In Tutorial 1, you used LangChain to chat with AI. But LangChain can do much more!

### 🔧 Think of LangChain as a "Toolkit" for AI:
- **Document Loaders**: Read PDF, Word, text files
- **Text Splitters**: Break long documents into chunks
- **Prompts**: Create better instructions for AI
- **Chains**: Connect multiple AI steps together
- **Memory**: Help AI remember previous conversations

### 🌟 Real-World Example:
Instead of just asking "What's 2+2?", you can:
1. Load a 50-page research paper
2. Ask "What are the main findings in this paper?"
3. Get intelligent answers based on the actual content

## 📚 Step 1: Setup and Imports

Let's import the LangChain tools we'll need for working with documents.

In [None]:
# Import the tools we need
import sys
sys.path.append('..')  # This lets us use our project files

# LangChain tools for working with documents
from langchain_ollama import ChatOllama
from langchain_community.document_loaders import PyPDFLoader, TextLoader
from langchain.text_splitter import RecursiveCharacterTextSplitter
from langchain_core.prompts import ChatPromptTemplate
from langchain_core.output_parsers import StrOutputParser

print("📚 LangChain document tools imported!")
print("🔧 Ready to work with PDF files and text documents")

## 📄 Step 2: Loading Your First Document

Let's learn how to load a PDF file.

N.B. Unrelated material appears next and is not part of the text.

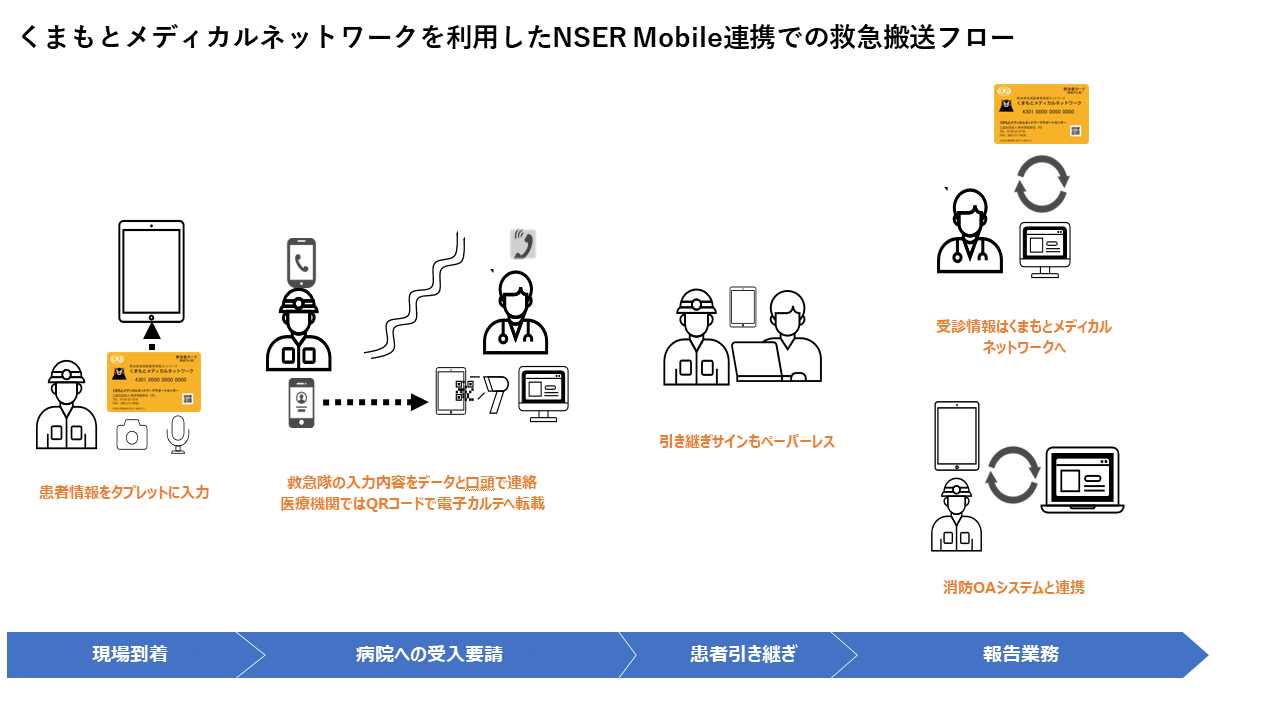 今回の実証試験では、救急搬送支援システムNSER mobileと「くまもとメディカルネットワーク」が連携いたします。

We'll use the example paper that comes with this project.

In [None]:
# Load a PDF file
print("📄 Loading a PDF document...")

# Path to our example paper
pdf_path = "../examples/d4sc03921a.pdf"

# Create a PDF loader
pdf_loader = PyPDFLoader(pdf_path)

# Load the document
print("⏳ Reading PDF... (this might take a few seconds)")
documents = pdf_loader.load()

print(f"✅ PDF loaded successfully!")
print(f"📊 Number of pages: {len(documents)}")
print(f"📝 First page has {len(documents[0].page_content)} characters")

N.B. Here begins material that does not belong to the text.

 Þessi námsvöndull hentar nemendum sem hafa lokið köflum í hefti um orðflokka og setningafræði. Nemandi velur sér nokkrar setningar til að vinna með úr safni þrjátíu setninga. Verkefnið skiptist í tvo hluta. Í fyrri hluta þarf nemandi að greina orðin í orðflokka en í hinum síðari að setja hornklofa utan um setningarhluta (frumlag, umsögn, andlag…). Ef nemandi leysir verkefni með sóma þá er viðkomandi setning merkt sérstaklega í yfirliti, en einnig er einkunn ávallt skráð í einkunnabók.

# Let's see what the first page looks like
print("\n📖 First 200 characters of the paper:")
print(documents[0].page_content[:200] + "...")

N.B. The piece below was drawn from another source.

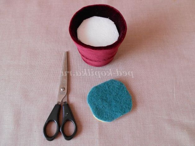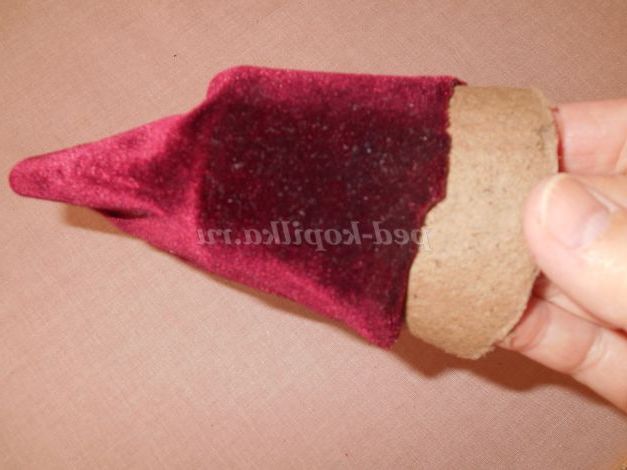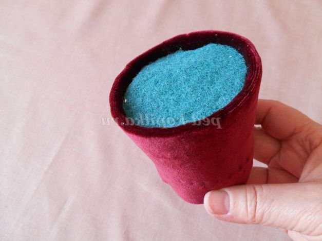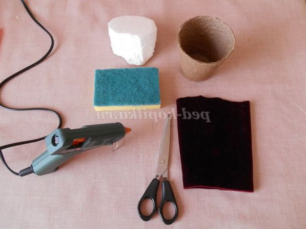 Посадимо наш тюльпан. Я взяла торф'яної горщик, рукав від старого оксамитового плаття, зелену губку і шматочок пінопласту. Ось такий оксамитовий, ошатний горщик вийшов.

## ✂️ Step 3: Breaking Documents into Chunks

AI models can only read a limited amount of text at once. So we need to break long documents into smaller "chunks".

### 🧩 Why Split Documents?
- **AI Limitation**: Can only process ~4000 words at once
- **Better Answers**: Smaller chunks = more focused responses
- **Efficiency**: Only use relevant parts of the document

In [None]:
# Create a text splitter
print("✂️ Breaking document into smaller chunks...")

# This tool splits text intelligently
text_splitter = RecursiveCharacterTextSplitter(
    chunk_size=1000,        # Each chunk is about 1000 characters
    chunk_overlap=200,      # 200 characters overlap between chunks
    length_function=len     # How to measure length
)

# Split our PDF into chunks
chunks = text_splitter.split_documents(documents)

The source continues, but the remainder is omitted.